Feb. 27 (Bloomberg) -- Asian stocks rose, sending the region's benchmark to a six-week high, as a rally in commodity prices and profit reports at Standard Chartered Plc and Marui Group Co. stoked optimism earnings will endure a global slowdown.
BHP Billiton Ltd. gained in Australia after crude oil climbed to a record and copper futures rose. Standard Chartered, the London-based bank that makes two-thirds of its profit in Asia, jumped to a three-week high in Hong Kong, while Marui, Japan's third-biggest department-store operator by market value, surged the most in eight years on the Tokyo Stock Exchange.
``Some of the excess bearishness concerning the domestic and global economies is melting away,'' said Takashi Miyazaki, who helps oversee $61 billion at Mitsubishi UFJ Asset Management Co. in Tokyo.
The MSCI Asia Pacific Index added 2.1 percent to 149.32 as of 5:04 p.m. in Tokyo, extending a two-day, 1.8 percent rally.
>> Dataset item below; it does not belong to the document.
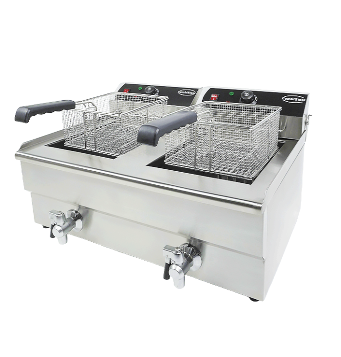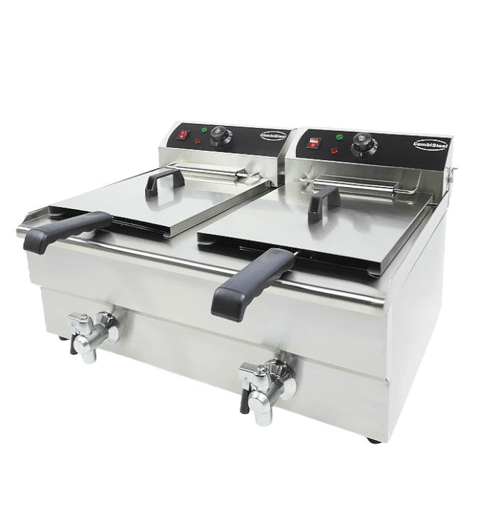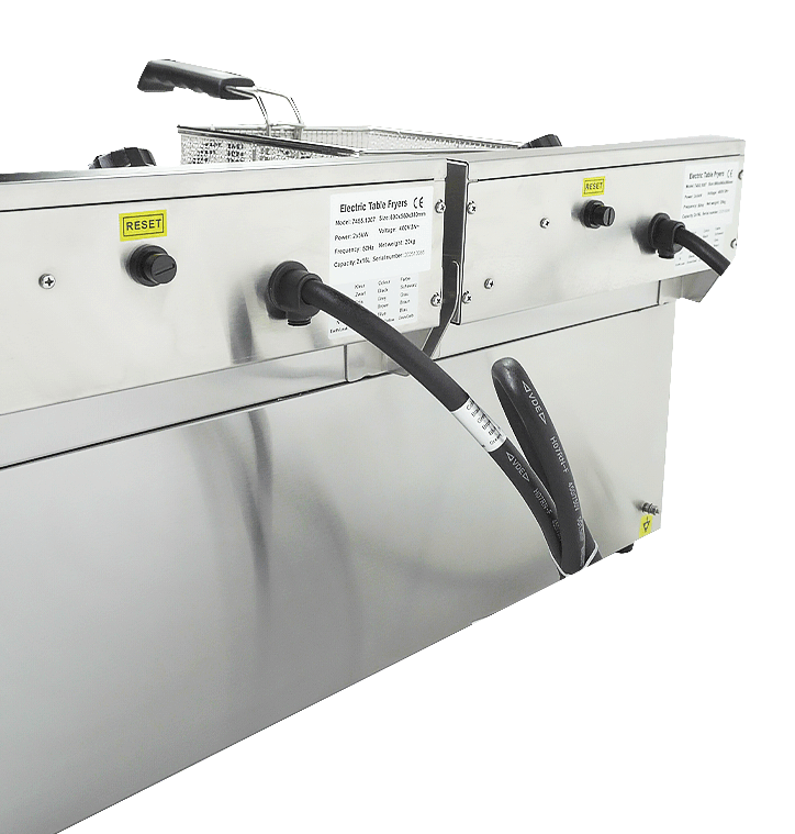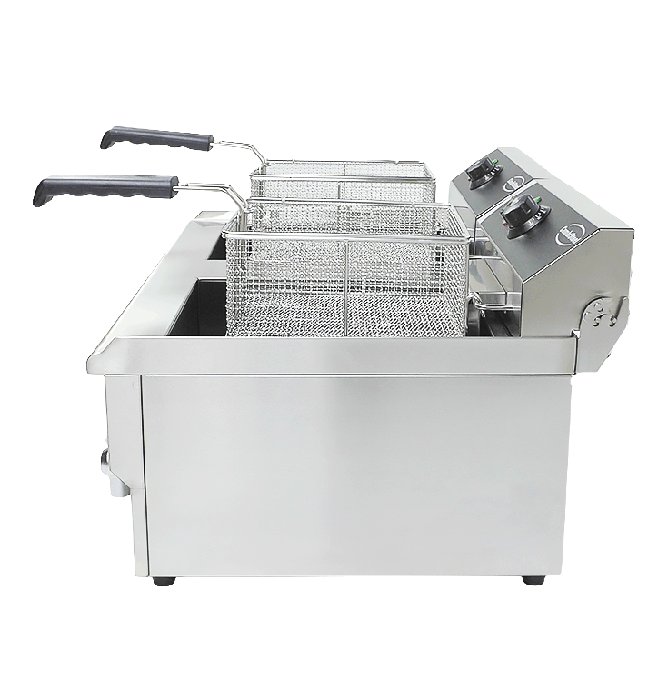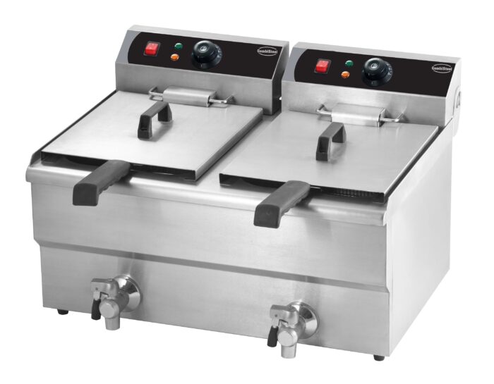 Maak kennis met onze krachtige dubbele tafelfriteuse met een royale inhoud!

The benchmark, poised for its highest close since Jan. 15, has rallied 13 percent since hitting a 14-month low on Jan. 22 as concern eased that a U.S. housing slump will drag the world's largest economy into a recession.
Japan's Nikkei 225 Stock Average added 1.5 percent to 14,031.30, a seven-week high. Benchmarks advanced in all other markets open for trading, with Hong Kong's Hang Seng Index posting the biggest gain of 3.2 percent. Industrial & Commercial Bank of China Ltd. led Chinese banks higher in the city, after JPMorgan Chase & Co. advised investors to buy their shares.